Merging two databases. With different dates. Best method?

30 Jan 2019, 07:03

Dear members,

These days I am working on my (master) thesis and I am working with Stata in order to process the data for my thesis. I have not yet used it before so I am learning while doing. I learned a lot but now I am stuck. I am writing about convertible bonds. I have one dataset which contains (amongst other things) different dates of issuing.

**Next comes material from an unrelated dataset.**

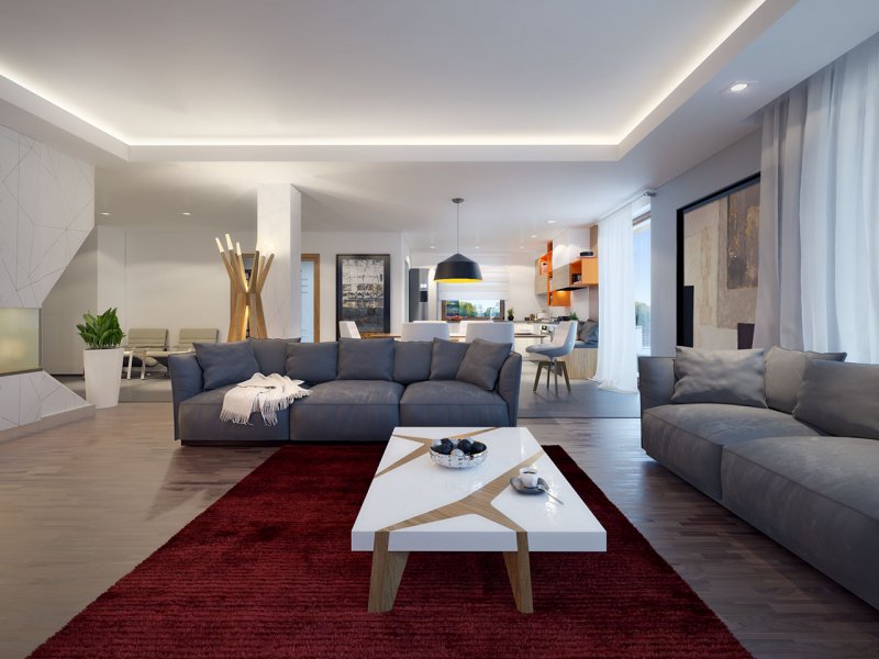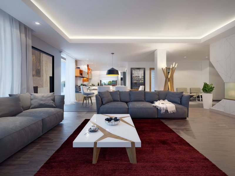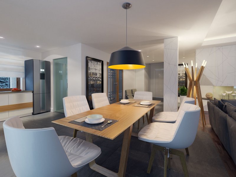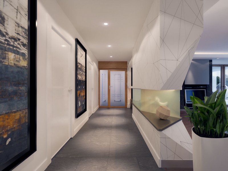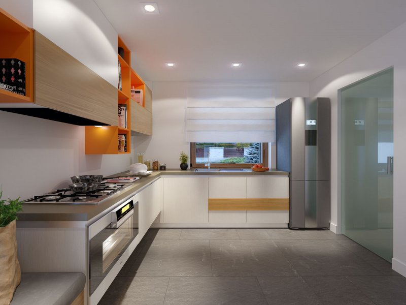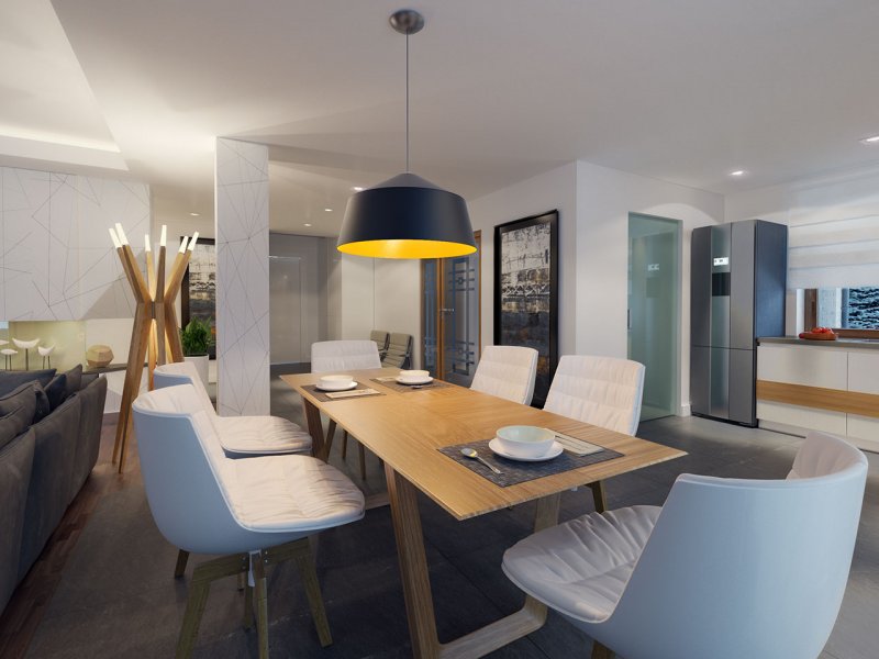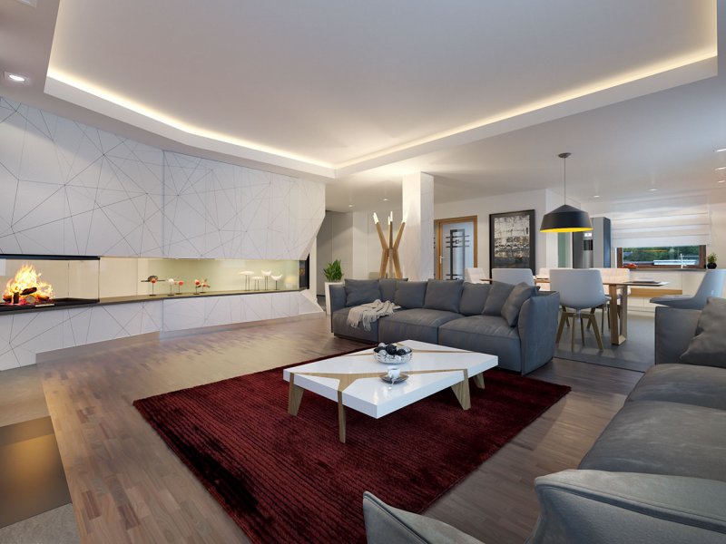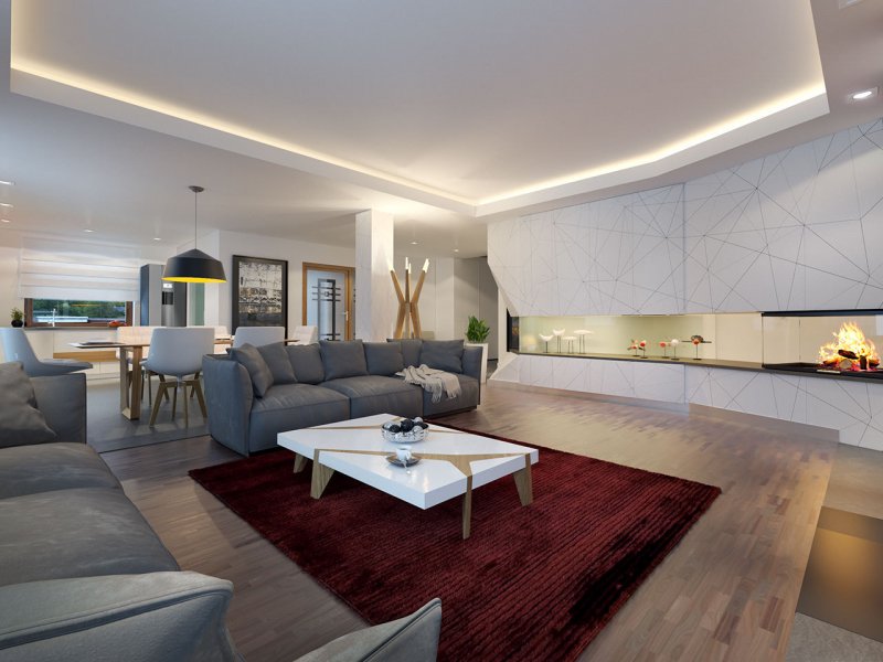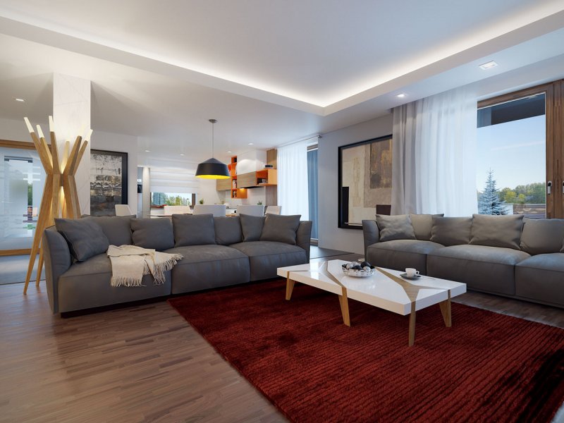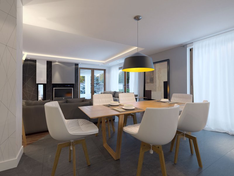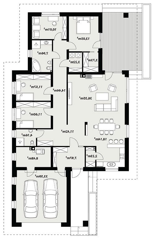 Dom jednorodzinny, parterowy z garażem dwustanowiskowym. Atutem projektu jest przestronne, wygodne wnętrze z dużymi przeszkleniami. Na parterze znajduje się część dzienna: obszerna kuchnia oraz salon z jadalnią posiadające wyjście na duży zadaszony taras. Częśc prywatna domu obemuje dużą sypialnia rodziców z garderobą, pralnię, łazienkę oraz pokój gościnny. Obok znajdują się 2 mniejsze sypialnie oraz dodatkowa łazienka przy wejściu. W projekcie tym przewidziano sporo miejsca na szafy i schowki.

For example 29-01-2004 a bond issue of Company A. Another bond issue on the 20^th of July of Company A and different dates for Company B. Then, I have another dataset which contains monthly dates of the amount of shares sold short. This is monthly data so usually on the 15^th of every month. I am interested in the amount of shares short(var: nshort~t )during, before and after the period of the issue. Now I need to compare different information from database2(every month data) with database 1. I can’t merge these two files apparently. I tried merge pairwise but I will get a strange datafile. Is there someone who could help me? I have converted all the variables already into strings.

IssuerP is the identification number.
New_offering date is time, days from the year 1960 I believe.
Database 1 output(1/10)

| issuer~p new_of~d new_sha~g cusip_name indust~p in_ban~y sic_code |
|-----------------------------------------------------------------------------------------------|
1. | 000361 16099 32046000 AAR CORP 1 N 3720 |
2. | 000361 16272 37720000 AAR CORP 1 N 3720 |
3. | 000361 16827 36349000 AAR CORP 1 N 3720 |
4. | 000361 16922 39940227 AAR CORP 1 N 3720 |
5. | 000361 17567 37917936 AAR CORP 1 N 3720 |
|-----------------------------------------------------------------------------------------------|
6. | 000361 17567 40283131 AAR CORP 1 N 3720 |
7. | 000361 19071 40167070 AAR CORP 1 N 3720 |
8. | 000361 19071 40167070 AAR CORP 1 N 3720 |
9. | 000361 19403 39694849 AAR CORP 1 N 3720 |
10. | 000886 15855 801000000 ADC TELECOMMUNICATIONS INC 1 N 3661 |
+-----------------------------------------------------------------------------------------------+

Database 2
+-----------------------------------------------------------------+
| nshort~t nsplit~e tic cusip sic issuer~p ntime |
|-----------------------------------------------------------------|
1. | 518299 14640 AIR 000361105 5080 000361 14623 |
2. | 438542 14669 AIR 000361105 5080 000361 14655 |
3. | 438412 14700 AIR 000361105 5080 000361 14684 |
4. | 386472 14730 AIR 000361105 5080 000361 14714 |
5. | 363889 14761 AIR 000361105 5080 000361 14745 |
|-----------------------------------------------------------------|
6. | 452221 14791 AIR 000361105 5080 000361 14776 |
7. | 492179 14822 AIR 000361105 5080 000361 14805 |
8. | 506868 14853 AIR 000361105 5080 000361 14837 |
9. | 436580 14883 AIR 000361105 5080 000361 14868 |
10. | 660439 14914 AIR 000361105 5080 000361 14896 |

I have come to a datafile which I can probably work with but I am not sure how because the first date relates to the issue of the convertible and the datadate variable relates to the short interest date(database2). The short interests dates are given every month. Usually around middle of the month.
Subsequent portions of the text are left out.